Нет. Где ж этот горец с красными, как сгустки крови, глазами из-под рыжих бровей?

Ага. Нашел.

"Между тем злодей горец, карабкаясь с ветки на ветку, постепенно добрался до нашего дупла и протянул внутрь свою руку, кисть которой пропахла мясом и кровью убитых лесных тварей, а ладонь покрылась рубцами от тугой тетивы лука, руку, ужасную, как туловище старой черной кобры, и похожую на палицу бога смерти. Этой рукой жестокий негодяй вытащил из дупла моего жалобно пищащего отца и, хотя тому удалось нанести несколько ответных ударов клювом, безжалостно придушил его. А меня, прикрытого отцовскими крыльями, – то ли из-за малости моего роста, то ли просто потому, что еще не настал час моей смерти, он – по счастью, не заметил. Убив моего отца, свернув ему шею набок и своротив голову, он бросил его на землю. Я падал вместе с отцом, прильнув к отцовской груди и свесив шею между его ног…"

Идет. С Верой.

"…и отполз в сторону от тела отца".

Лежим под деревом. У Веры коса, как солнечная тропинка, ведущая к бедру Ксении. А я в тени, на обочинке.

– Месяц, – говорит, – это не срок, и губ не смочить. Приезжайте в ноябре, мои комнаты будут свободны; хочу побродить по югу Индии пару месяцев.

Ксения рядом с нею, как дитя, лежит. Вверх глядит – на горящие конфорочки. Облетают они, кружась, синими огоньками – мальчиками и девочками. Мальчиками на букву "ы". И девочками на букву "ж".

Пустынчиками и женьшеньщинками.

Худенький сутулый пустынчик с большими ушами и улыбкой – как бы подбросившей их над собой, безоглядно. Родители всегда забирали его последним из лагерей летних. Живя на подслеповатом краю порыва советского счастья. Дети сидели на чемоданчиках. Их подхватывали вместе с детьми и увозили. Будто окошки в доме одно за другим гасли.

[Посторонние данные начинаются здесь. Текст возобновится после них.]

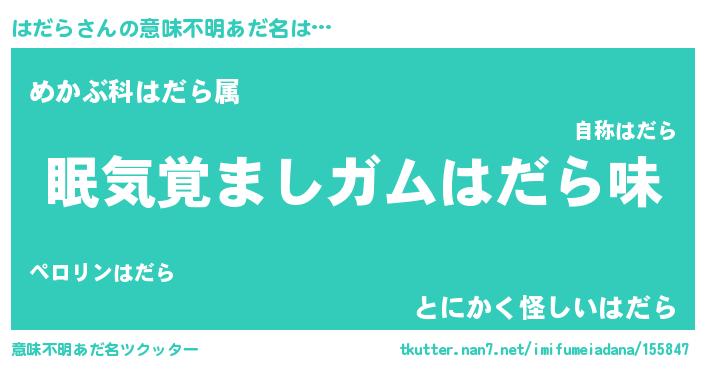 | 欧米人風あだ名 | 『アンジェラ・はだら』『ダニエルはだら』 |
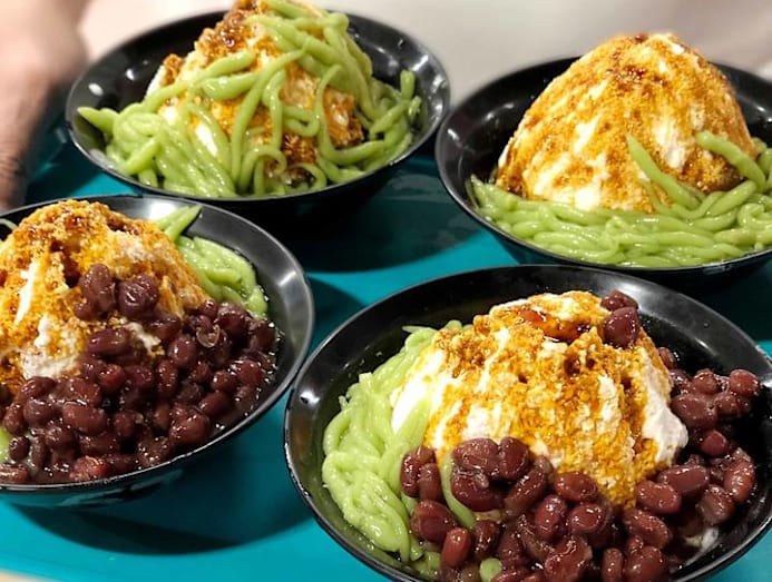Camera-shy Dora is a former insurance agent who now manages her chendol biz full-time. She learnt the basic chendol recipe from a Malaysian hawker who used to sell the dessert in Johor, but made some modifications to it. She adds: “There are three main components to chendol: the jelly, gula melaka and coconut milk. The jelly, which is the chendol, is very time-consuming to make. One batch takes four hours. It’s made from white rice flour and pure pandan juice, and requires constant stirring, which we do in a commercial mixer. We also grind our own jasmine rice flour using a stone grinder”. Super artisanal.
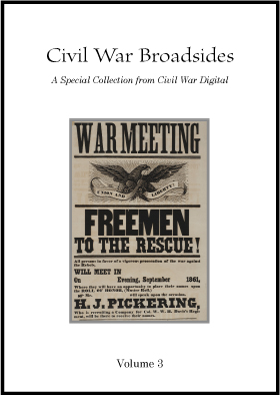 Civil War Broadsides Volume 3 (310 images). Broadsides are single sheets of paper, printed on one side only. Often quickly and crudely produced in large numbers and distributed free in town squares, taverns, and churches or sold by chapmen for a nominal charge, broadsides are intended to have an immediate popular impact and then to be thrown away. The broadside was an easily produced and highly visible way for individuals or groups to show their support for a cause. Broadsides were meant to communicate issues of immediate interest to the public. They were posted on walls in central locations so many people would see them. Thus, by the end of the Civil War thousands of broadsides had been printed.

И всегда оставалось одно, последнее, чуть растерянное в своей открытости к опустевшей жизни.

Голые железные сетки кроватей, как на донышке мира, и ни души, только коротконогая тушка кастелянши с мужеподобным ортопедическим лицом и в таких же ботинках переваливается по тропинке, унося посеревшие наволочки, сочащиеся тоненькой струйкой пуха из-под руки.

И оголяется, проступая повсюду, это пустыное костяное пространство с беззащитною детскою щемью, с этим жалобным пухом, летящим из-под руки – из-под этой подрубленной одутловатой ничейной руки – и уже отовсюду во все концы света летящим.

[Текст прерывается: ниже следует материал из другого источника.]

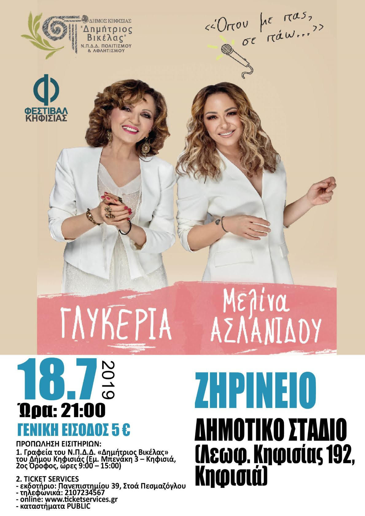 Η Γλυκερία, αυτή η τόσο σημαντική ερμηνεύτρια με αξιοσημείωτη πορεία και εκτός συνόρων, θεωρείται από πολλούς η πιο γνήσια λαϊκή τραγουδίστρια της γενιάς της. Η Μελίνα Ασλανίδου είναι μια από τις πιο γνωστές και αγαπημένες ερμηνεύτριες του λαϊκού και έντεχνου τραγουδιού. Η μοναδική χροιά της φωνής της μαγεύει το κοινό.

А где-то на другом краю мира – маленькая женьшеньщинка с бантом на голове, в белой кувшинке платьица и чуть косящих по сторонам сандалях бродит по сумрачным галереям ее фамильного замка, в котором теперь музей, и никто их в этой, уже отгороженной от них стране не окликнет – ни мать с отцом, сидящих в лодочке на берегу, ни деда, бродящего с нею по галереям. И она поводит своим чуть вздернутым плечиком, не выпуская руки, зажмуренной в теплой песчаной ладони деда.

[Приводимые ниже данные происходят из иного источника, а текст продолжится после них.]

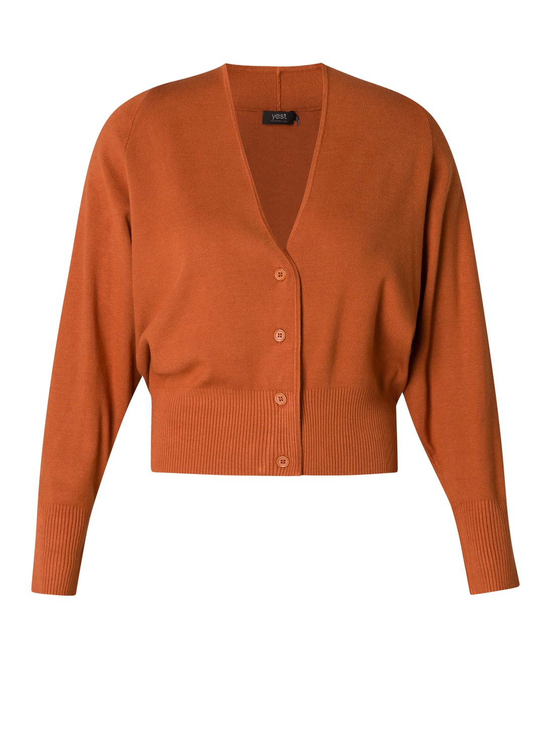 Dit Yesta vestje, vervaardigd uit glad viscose breisel, heeft een lage V-hals en een knopenrij. De Sana is beschikbaar in drie kleuren, met een comfort fit en ribgebreide boorden. Lengte 70 cm. Je vindt meer vesten in de categorie grote maten vesten.

– А что Амир? – говорю. – Рисует?

– Утром в Дели уехал, на рынок, с Клодом. Покупать цимбалы.

– Он разве играет?

– Да. Но это для Клода. Помочь выбрать. – Встает, сводит ладони, нагибает голову. – Пора. – Улыбается. – Свиданье у меня. – И, уже на ходу, обернувшись: – С Гангой.

Лежим. С закрытыми глазами. Глядим.

Я беру ее ладонь на ощупь в траве, она сворачивается клубочком в моей.

– Хорошо тебе? – спрашиваю, не открывая глаз.

– А я тебя не очень отягощаю, правда? – продолжает она.

– Правда, – говорю. – Не пора ли нам на свиданье?

– С рекой?

– Нет, друг к другу.

Не шелохнется. Так и лежим, покачиваясь на слепящих ресницах.